Taking the trajectory data from the “Golden Dolphin Cup” Algorithm Challenge dataset, “XX Trajectory Intelligent Classification and Identification” as an example, we analyze the characteristics of ship trajectories. The data is organized and prepared from global AIS data and includes multiple types of ships [32]. We selected 1589 complete trajectories from 4 categories with sufficient samples. All trajectory points are arranged in chronological order, and the trajectory information includes timestamp, longitude, latitude, SOG, and COG. First, the raw trajectories of the four vessel types were preprocessed, including timestamp conversion, trajectory cleaning, and interpolation. The minimum number of trajectory points was set to 30, resulting in the removal of 536 abnormal/too-short trajectories. The interpolation threshold was set to 600 s. The processed vessel trajectory data (containing a total of 1053 complete trajectories from the four vessel types) served as the dataset for analysis and experiments in this study. The positional distribution of the trajectory data is shown in Figure 2.

Figure 2 illustrates the geographical distribution of trajectories for the four vessel types. Different colors in the figure represent trajectories of different vessel categories. It can be intuitively observed that Category D vessel trajectories have a larger spatiotemporal span, covering a wider maritime area. In contrast, the activities of Categories A, B, and C exhibit certain regional characteristics with relatively concentrated operational ranges: Category A vessels can navigate inland waterways; Category C vessels operate mainly along European coasts; while Category D vessels primarily operate along the coasts of China and surrounding countries. Regarding motion characteristics, the trajectories of the four vessel types also demonstrate a degree of separability. The statistical probability distributions of their Speed Over Ground (SOG) and Course Over Ground (COG) are shown in Figure 3 and Figure 4, respectively.

Figure 3 presents the statistical distribution of Speed Over Ground (SOG) for the four vessel types. The horizontal axis represents speed (kn), and the vertical axis represents probability, indicating the proportion of trajectory segments within that speed interval relative to the total number of segments. It can be seen that the SOG of Category A and C vessels is mostly maintained below 20 kn, suggesting they are likely predominantly coastal low-speed vessels or small inland waterway vessels. However, Category A trajectories contain a significant proportion of stationary (berthed) segments, while the SOG probability peak for Category C vessels occurs around 13 knots. On the other hand, Category B and D vessels exhibit higher speeds (>20 knots) in some segments, likely indicating they are primarily large cargo ships used for ocean-going transport.
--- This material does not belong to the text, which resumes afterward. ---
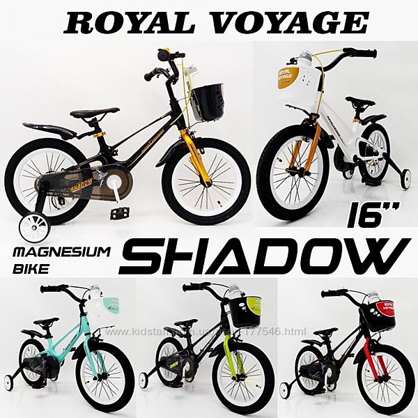 Новинка от торговой марки ROYAL VOYAGE , велосипед SHADOW-16 предназначен для детей от 4 до 9 лет. Велосипед имеет оригинальный, не повторимый дизайн.Прокладка тросиков проходит через специальные отверстия в раме, характерная опция используется в моделях велосипедов премиум класса для взрослых. Рама велосипеда сделана из высокопрочного магниевого (Magnesium) сплава, что делает ее легкой и практичной. Велосипед оснащен передними и задними дисковыми тормозами. Диски колес MERCURY-16 сделаны из алюминиевого сплава. SHADOW-16 – легкий, удобный и практичный современный детский велосипед, который станет неповторимым подарком как для мальчика, так и для девочки.Велосипед SHADOW-16 укомплектован бутылочкой для воды, подножкой, насосом, комплектом ключей для сборки и регулировки велосипеда звонком, крыльями, вспомогательными боковыми колёсами на задней оси велосипеда!

Figure 4 displays the statistical distribution of Course Over Ground (COG) for the four vessel types in the form of polar sector plots. The angle (0°~360°) represents the course, and the radial length indicates the proportion of trajectory segments within that course interval. As can be seen from the figure, the course distributions for Category A and D vessels are relatively scattered and change frequently, indicating more maneuvering during navigation. In contrast, the courses for Category B and C vessels are relatively concentrated, suggesting more stable course-keeping.

Unlike urban spatiotemporal trajectories constrained by road networks, ship trajectories typically have wide spatiotemporal distributions, large variations in spatiotemporal spans, and overlapping spatiotemporal trajectories among different ship categories. There are strong coupling relationships between information of different dimensions (spatiotemporal position, motion features) and different time scales (micro, macro). Ignoring the modeling of motion features and temporal dependencies will inevitably lead to partial and distorted clustering results. This is also the main reason why many models that perform well on urban traffic trajectory datasets cannot adapt to ship trajectory clustering tasks. Therefore, there is an urgent need to develop a feature-embedded representation learning method that aligns with the requirements of ship trajectory clustering.

4. Methodology

To address the cross-spatiotemporal-scale ship trajectory clustering task, we proposed a deep ship trajectory clustering method based on feature embedded representation learning, referred to as ERL-DTC. Below, an overview of the method is provided first, followed by detailed descriptions of each component in the framework, and finally, the model training process is introduced.

4.1. Method Overview

Based on the analysis above, ERL-DTC needs to achieve multi-scale feature characterization, multi-dimensional feature fusion, and cluster-friendly embedding for vessel trajectories. Accordingly, following a progressive design philosophy, the model structure is devised as illustrated in Figure 5, encompassing trajectory augmentation, a temporal positional encoding module, TA-MAN, DualSFE, and feature clustering. Specifically, TA-MAN aims to address the challenges of capturing long-term dependencies and micro-scale maneuvering features in trajectories, while DualSFE is designed to model the complex, non-linear coupling relationships between positional and motion features, thereby avoiding feature confusion. By introducing a joint training strategy that combines contrastive learning with multi-objective clustering losses, the embedding space is ensured to both preserve original similarities and possess high cluster separability.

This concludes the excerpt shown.